Joseph P. Willner, a 42-year-old resident of Ambler, Pennsylvania, was allegedly indicted on a four-count charge by a federal grand jury in the Eastern District of New York.
The self-proclaimed day trader was charged with Conspiracy to Commit Wire Fraud, Conspiracy to Commit Securities Fraud and Computer Intrusion, Security Fraud and Conspiracy to Commit Money Laundering as contained in the court filings. Between September 2014 and May 2017, Willner is allegedly to have engaged in an illegal brokerage account takeover and unauthorized trading scheme in concert with co-conspirators. The co-conspirators allegedly hacked into the victims’ accounts in order to execute fraudulent short sales.
Willner was said to have either directly or indirectly accessed at least 110 brokerage accounts to perpetrate his scheme without authorization. Both Willner and his accomplice were alleged to have equally shared the proceeds from the scheme. These proceeds of profitable trades were allegedly laundered through a digital currency exchange, swapping United States dollars to bitcoin.
“This case involves a 21st Century cyber boiler room, except the buyers were not even aware they were purchasing shares of stock,” stated FBI Assistant Director-in-Charge Sweeney. “As alleged, the scheme involved hacking into victims’ online securities brokerage accounts to make unauthorized trades that would benefit the defendant through the use of short sales. The scheme ultimately led to a loss of over $2 million to victim accounts.”
During the alleged period, he is said to have accessed hacked brokerage accounts to trade the same securities, generating profits by taking advantage of the artificial stock prices that resulted from the unauthorized trades placed in the victims’ accounts. His modus operandi was to use the periods before or after regular market hours, that is between 9:30 a.m ET (representing the open market hour) to 4:00 p.m ET (the market close hour) Monday through Friday to execute the illicit trades.
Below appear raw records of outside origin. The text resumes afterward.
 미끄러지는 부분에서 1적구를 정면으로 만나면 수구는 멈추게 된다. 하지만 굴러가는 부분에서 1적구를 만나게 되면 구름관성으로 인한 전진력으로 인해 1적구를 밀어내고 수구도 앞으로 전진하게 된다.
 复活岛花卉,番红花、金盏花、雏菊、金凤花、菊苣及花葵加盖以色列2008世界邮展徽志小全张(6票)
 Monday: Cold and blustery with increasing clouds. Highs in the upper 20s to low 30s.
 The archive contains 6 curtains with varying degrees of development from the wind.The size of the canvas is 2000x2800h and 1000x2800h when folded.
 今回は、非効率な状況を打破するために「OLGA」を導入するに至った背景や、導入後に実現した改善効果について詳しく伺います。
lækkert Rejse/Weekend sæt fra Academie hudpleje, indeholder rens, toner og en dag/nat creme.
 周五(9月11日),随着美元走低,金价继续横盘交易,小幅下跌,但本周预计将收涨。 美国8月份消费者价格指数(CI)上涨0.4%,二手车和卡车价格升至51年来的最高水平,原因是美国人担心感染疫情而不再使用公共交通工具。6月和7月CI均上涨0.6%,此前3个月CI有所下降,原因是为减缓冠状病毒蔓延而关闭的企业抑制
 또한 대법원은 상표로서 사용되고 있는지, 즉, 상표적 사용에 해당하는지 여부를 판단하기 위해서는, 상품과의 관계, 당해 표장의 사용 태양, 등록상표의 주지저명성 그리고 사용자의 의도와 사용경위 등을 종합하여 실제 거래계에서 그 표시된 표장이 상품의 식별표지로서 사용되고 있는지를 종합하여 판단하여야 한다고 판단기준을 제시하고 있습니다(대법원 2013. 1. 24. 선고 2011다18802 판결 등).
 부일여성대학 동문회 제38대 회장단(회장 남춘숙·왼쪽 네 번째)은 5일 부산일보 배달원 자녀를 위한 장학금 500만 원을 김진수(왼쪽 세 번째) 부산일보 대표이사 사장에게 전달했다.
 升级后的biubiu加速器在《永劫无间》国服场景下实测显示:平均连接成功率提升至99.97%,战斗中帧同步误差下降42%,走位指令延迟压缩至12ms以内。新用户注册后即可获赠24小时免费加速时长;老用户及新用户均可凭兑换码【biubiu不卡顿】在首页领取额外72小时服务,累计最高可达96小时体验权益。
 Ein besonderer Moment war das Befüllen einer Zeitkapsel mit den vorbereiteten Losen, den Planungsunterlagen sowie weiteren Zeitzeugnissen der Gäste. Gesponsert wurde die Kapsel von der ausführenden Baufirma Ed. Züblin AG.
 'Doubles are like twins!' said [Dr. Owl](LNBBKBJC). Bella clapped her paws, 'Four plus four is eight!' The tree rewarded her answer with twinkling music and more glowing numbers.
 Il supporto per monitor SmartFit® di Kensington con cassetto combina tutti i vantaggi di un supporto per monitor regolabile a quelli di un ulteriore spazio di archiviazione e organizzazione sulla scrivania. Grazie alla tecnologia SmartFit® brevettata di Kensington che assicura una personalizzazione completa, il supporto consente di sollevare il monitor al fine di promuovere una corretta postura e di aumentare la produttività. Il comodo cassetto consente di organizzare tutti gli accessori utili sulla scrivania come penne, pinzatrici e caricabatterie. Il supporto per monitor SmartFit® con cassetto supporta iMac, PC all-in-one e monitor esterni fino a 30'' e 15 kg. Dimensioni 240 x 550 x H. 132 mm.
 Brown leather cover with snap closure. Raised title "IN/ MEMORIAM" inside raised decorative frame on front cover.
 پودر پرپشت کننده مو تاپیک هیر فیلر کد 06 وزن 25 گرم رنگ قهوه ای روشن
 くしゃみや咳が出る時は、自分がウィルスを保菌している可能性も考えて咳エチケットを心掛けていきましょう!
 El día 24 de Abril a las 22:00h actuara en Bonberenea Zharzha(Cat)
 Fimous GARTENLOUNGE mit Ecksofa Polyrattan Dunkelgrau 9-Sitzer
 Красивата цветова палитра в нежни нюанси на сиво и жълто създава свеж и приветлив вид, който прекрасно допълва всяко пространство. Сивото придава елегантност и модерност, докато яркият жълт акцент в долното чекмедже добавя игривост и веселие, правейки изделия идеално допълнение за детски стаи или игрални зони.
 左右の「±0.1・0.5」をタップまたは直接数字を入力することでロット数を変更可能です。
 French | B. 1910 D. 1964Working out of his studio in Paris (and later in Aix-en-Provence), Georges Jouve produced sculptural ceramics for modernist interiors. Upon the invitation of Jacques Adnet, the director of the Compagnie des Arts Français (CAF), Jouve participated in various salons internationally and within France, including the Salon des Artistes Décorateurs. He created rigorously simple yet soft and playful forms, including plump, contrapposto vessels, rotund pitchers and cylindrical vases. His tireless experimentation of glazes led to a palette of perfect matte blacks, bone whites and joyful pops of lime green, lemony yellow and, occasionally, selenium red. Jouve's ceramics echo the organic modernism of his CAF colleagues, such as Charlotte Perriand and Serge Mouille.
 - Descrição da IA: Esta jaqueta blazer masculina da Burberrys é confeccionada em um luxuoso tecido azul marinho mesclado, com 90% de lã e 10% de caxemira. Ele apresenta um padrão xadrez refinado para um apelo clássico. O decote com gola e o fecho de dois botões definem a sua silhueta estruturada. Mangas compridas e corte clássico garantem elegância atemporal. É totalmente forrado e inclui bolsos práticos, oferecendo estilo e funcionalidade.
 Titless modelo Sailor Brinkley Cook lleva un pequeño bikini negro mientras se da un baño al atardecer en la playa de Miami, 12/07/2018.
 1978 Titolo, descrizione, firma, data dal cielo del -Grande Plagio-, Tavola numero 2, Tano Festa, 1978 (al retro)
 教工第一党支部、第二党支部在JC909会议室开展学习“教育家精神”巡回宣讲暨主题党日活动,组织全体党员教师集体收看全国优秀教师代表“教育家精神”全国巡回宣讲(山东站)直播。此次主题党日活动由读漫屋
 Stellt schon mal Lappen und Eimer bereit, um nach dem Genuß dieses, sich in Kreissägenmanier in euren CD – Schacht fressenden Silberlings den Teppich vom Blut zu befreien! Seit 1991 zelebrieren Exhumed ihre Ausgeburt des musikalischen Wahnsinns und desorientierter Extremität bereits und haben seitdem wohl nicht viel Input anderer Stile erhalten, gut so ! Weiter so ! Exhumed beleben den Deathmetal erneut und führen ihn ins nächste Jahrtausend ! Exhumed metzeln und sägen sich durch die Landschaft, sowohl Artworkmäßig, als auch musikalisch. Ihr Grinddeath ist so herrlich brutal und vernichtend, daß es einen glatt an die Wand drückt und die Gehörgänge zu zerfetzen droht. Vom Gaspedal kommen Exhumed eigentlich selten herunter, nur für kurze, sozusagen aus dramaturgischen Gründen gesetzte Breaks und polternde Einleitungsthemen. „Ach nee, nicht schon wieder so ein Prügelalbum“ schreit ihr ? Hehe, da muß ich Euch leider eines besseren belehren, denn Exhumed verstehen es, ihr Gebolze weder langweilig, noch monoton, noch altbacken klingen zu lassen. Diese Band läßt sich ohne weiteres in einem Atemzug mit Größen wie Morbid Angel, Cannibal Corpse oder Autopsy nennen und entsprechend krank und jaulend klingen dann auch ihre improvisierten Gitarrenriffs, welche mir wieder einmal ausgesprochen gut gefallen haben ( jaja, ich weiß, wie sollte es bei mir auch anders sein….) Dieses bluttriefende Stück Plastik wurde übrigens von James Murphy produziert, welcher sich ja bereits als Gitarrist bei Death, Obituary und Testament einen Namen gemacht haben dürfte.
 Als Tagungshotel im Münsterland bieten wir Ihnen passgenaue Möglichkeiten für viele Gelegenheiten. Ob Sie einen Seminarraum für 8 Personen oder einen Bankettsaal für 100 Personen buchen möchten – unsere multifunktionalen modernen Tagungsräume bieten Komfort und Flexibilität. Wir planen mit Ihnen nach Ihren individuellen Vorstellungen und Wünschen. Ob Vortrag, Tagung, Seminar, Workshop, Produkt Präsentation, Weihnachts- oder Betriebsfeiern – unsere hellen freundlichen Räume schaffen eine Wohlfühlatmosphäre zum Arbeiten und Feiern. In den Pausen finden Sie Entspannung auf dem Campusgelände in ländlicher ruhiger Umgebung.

It was observed that public traded stocks generally trade less frequently in pre-market and after-hours trading and may be more susceptible to rapidly fluctuating prices. Willner must have targeted this anomaly and took advantage of it to further his scheme through coordinated trading of artificial high and low prices. The Securities and Exchange Commission further reported that Willner must have generated over $700,000 in illicit profits in his name through the scheme, by buying or selling stock in the victims’ accounts using artificially low or high prices generated by the unauthorized trading of stock in the accounts.
By manipulation of market and trading structures through “short sale”, Willner’s alleged actions violated all four-counts and charge against him.
It was also observed that his communications with his alleged accomplice(s) were through the use of online direct messaging applications to exchange information in furtherance to the scheme. They used disguised pseudonyms as identities. The coordinated attacks were done in synchronicity as Willner operated his own accounts as the perpetuator while his accomplice held victims accounts in lieu. These cyber-attacks were done consistently during the relevant periods over the course of the entire operation.